_INFORMATION SUPPLIED_:
▼

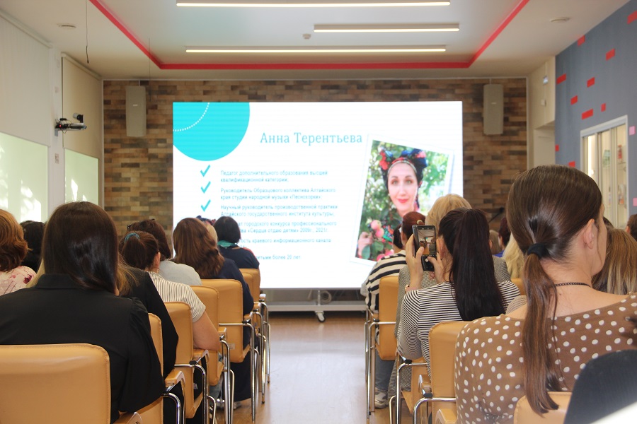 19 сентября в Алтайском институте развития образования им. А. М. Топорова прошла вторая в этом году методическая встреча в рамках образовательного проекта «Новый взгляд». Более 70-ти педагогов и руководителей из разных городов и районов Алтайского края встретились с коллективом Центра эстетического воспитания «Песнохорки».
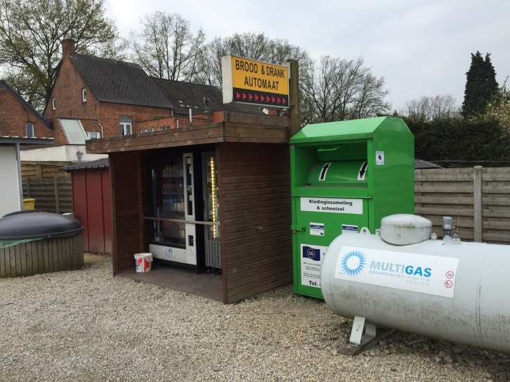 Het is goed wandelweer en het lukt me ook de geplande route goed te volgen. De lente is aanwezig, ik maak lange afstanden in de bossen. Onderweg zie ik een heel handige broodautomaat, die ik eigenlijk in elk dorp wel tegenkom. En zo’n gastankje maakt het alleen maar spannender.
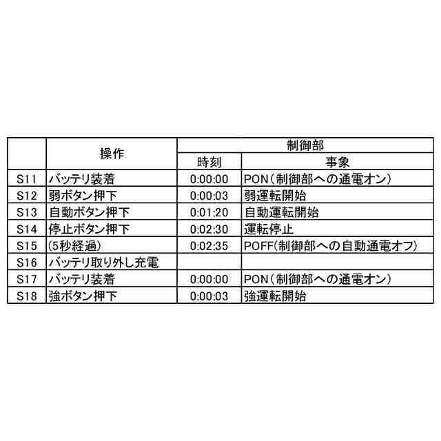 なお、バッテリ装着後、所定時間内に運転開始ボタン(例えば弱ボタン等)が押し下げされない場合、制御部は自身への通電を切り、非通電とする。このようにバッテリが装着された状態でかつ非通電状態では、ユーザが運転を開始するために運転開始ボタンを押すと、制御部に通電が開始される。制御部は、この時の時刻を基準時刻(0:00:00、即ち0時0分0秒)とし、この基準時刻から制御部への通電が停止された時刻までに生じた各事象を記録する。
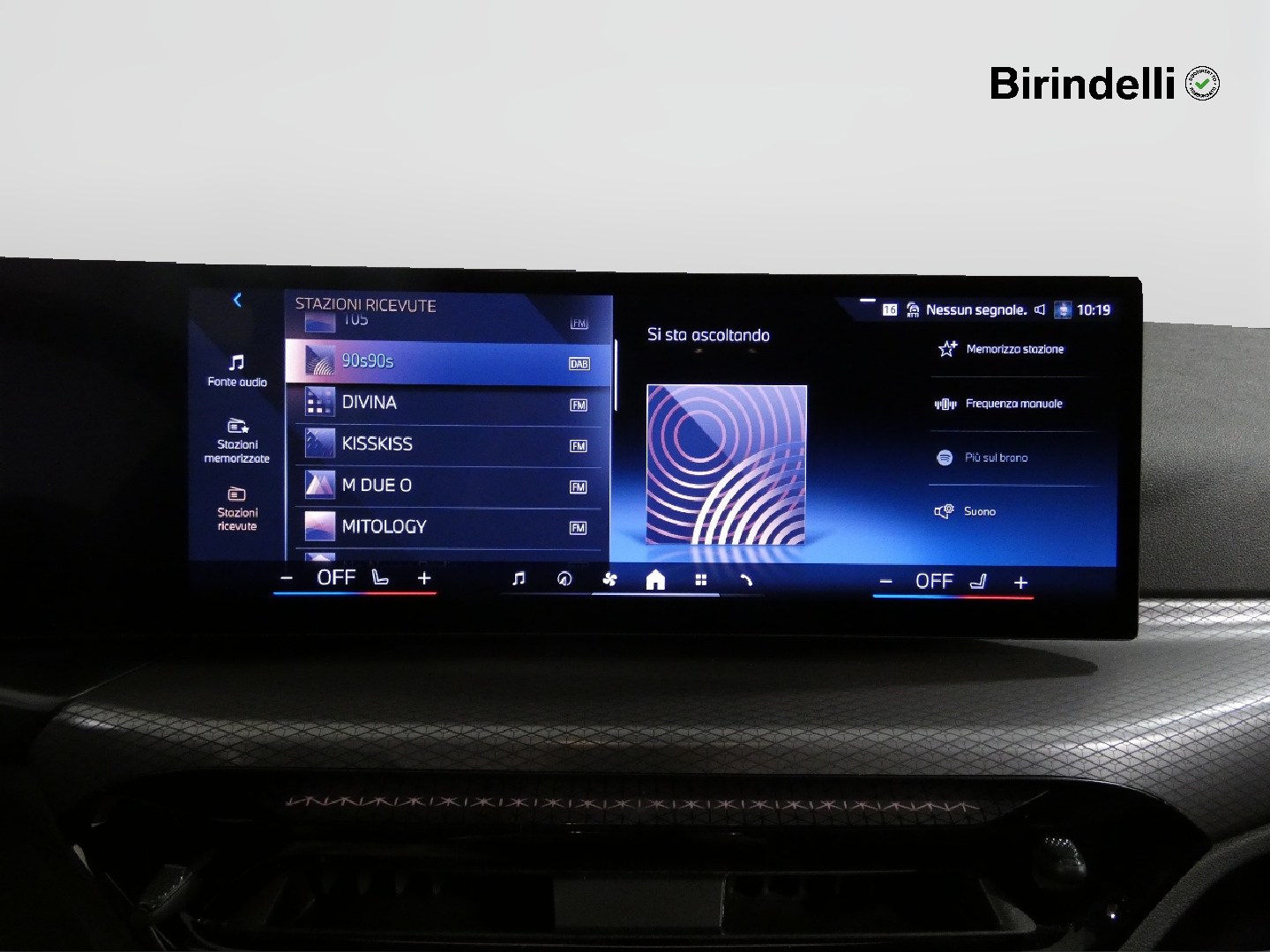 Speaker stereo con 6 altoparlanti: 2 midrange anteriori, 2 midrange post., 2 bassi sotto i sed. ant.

▲

_GOAL OF THE EXERCISE_: Return every line of the listing exactly, leaving its pictures behind.

_FINISHED EXERCISE_:
 19 сентября в Алтайском институте развития образования им. А. М. Топорова прошла вторая в этом году методическая встреча в рамках образовательного проекта «Новый взгляд». Более 70-ти педагогов и руководителей из разных городов и районов Алтайского края встретились с коллективом Центра эстетического воспитания «Песнохорки».
 Het is goed wandelweer en het lukt me ook de geplande route goed te volgen. De lente is aanwezig, ik maak lange afstanden in de bossen. Onderweg zie ik een heel handige broodautomaat, die ik eigenlijk in elk dorp wel tegenkom. En zo’n gastankje maakt het alleen maar spannender.
 なお、バッテリ装着後、所定時間内に運転開始ボタン(例えば弱ボタン等)が押し下げされない場合、制御部は自身への通電を切り、非通電とする。このようにバッテリが装着された状態でかつ非通電状態では、ユーザが運転を開始するために運転開始ボタンを押すと、制御部に通電が開始される。制御部は、この時の時刻を基準時刻(0:00:00、即ち0時0分0秒)とし、この基準時刻から制御部への通電が停止された時刻までに生じた各事象を記録する。
 Speaker stereo con 6 altoparlanti: 2 midrange anteriori, 2 midrange post., 2 bassi sotto i sed. ant.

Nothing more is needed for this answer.